2018年12月8日。
宿儺復活から、ちょうど一ヵ月が経過していた。
今,呪術界は——完全に,詰んでいた。
五条悟。
現代最強の術師にして、ただ一人の希望。
その存在は、いまだ封印されたまま。
獄門疆《表》は、依然として羂索の手中。
一方、獄門疆《裏》は天元が確保していたものの,
開く手段は、どこにも存在しなかった。
本来、獄門疆を破壊できるとされる呪具は、
ふたつあった。
《天逆鉾》——あらゆる術式を強制解除する。
《黒縄》──あらゆる術式を乱す。
だが──どちらも、もはやこの世には存在しない。
天逆鉾は、過去に伏黒甚爾が使用し、五条悟と激突。
その後、危険視した五条本人の手によって、
破壊もしくは封印された。
黒縄は、百鬼夜行の折に,
ミゲルが五条悟の足止め戦にて使用。
だが数十分の戦闘の末,
五条の術式に耐えきれず、完全に焼き切れた。
再生産は理論上は“可能”。
だが、そのためにはミゲルの故郷の術師が、
数十年かけて編み上げる必要がある。
つまり。
呪具による封印解除の可能性は、全滅した。
そして、獄門疆を破壊できる術式の持ち主は,
誰もいない。
残された唯一の方法。
それは、羂索から《表》を奪還すること。
だが、それはあまりに現実的ではなかった。
虎杖悠仁──死。
乙骨憂太──死。
脹相──死。
伏黒恵──依然として、宿儺に肉体を乗っ取られたまま。
残されたのは,
最後の特級術師、九十九由基のみ。
その彼女ですら、打倒羂索の勝算は、
天元にすら「薄い」と言わしめるほど。
呪術界は、戦力を失いすぎた。
10月19日。
真人による,メカ丸(与幸吉)殺害。
10月31日。

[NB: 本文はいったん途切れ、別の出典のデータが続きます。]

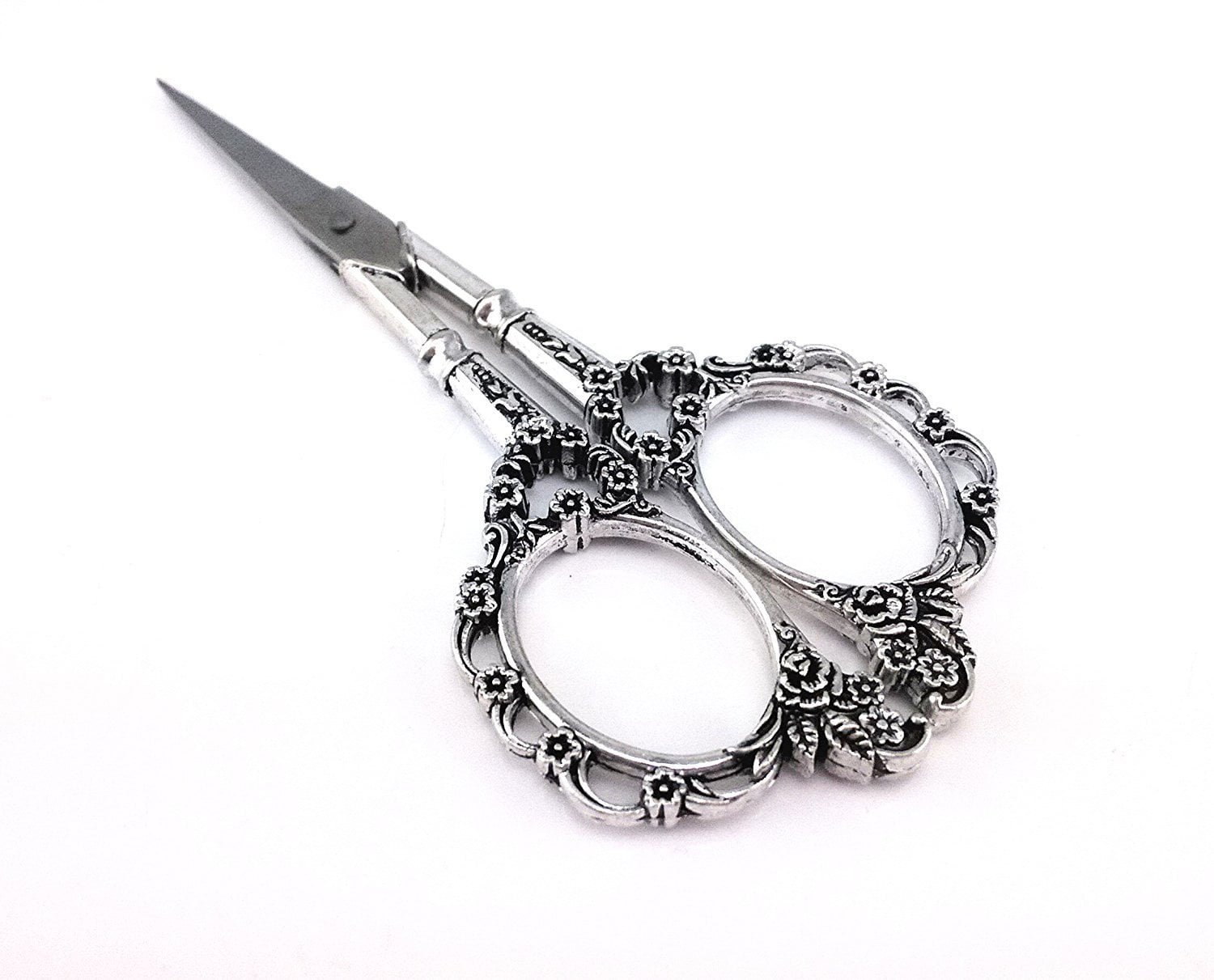 Pretty ornate premium quality stainless steel embroidery scissors. These lovely scissors are 4.5 inches in length, they are perfect for embroidery, cross stitching, sewing or to have in your knitting and crocheting accessories.

渋谷事変。
特級呪霊たちと羂索による,五条悟封印。
漏瑚による、禪院直毘人殺害。
真人による、七海建人殺害。
釘崎野薔薇———昏睡状態。
東堂葵──左腕消失。
宿儺による《伏魔御厨子》展開での大量虐殺。
狗巻棘──左腕喪失。
羂索による,渋谷での,呪霊大量放出。
11月6日。
楽巌寺嘉伸、夜蛾正道を処刑。
11月8日。
祈月による,脹相殺害。
宿儺の完全復活。
宿儺による《伏魔御厨子》展開での
虎杖悠仁,乙骨憂太、伊地知潔高殺害,及び大量虐殺。
11月12日。
禪院真希による,禪院家壊滅。
そして今。
12月8日。
状況は一切改善されず——
悪化の一途を辿っていた。
宿儺。
羂索。
裏梅。
加えて、未だ消息の知れぬ呪霊・祈月と真人。
希望と呼べる光は、もはや存在しない。
天元でさえ、沈黙するほどの絶望。
──呪術界は、再起不能であった。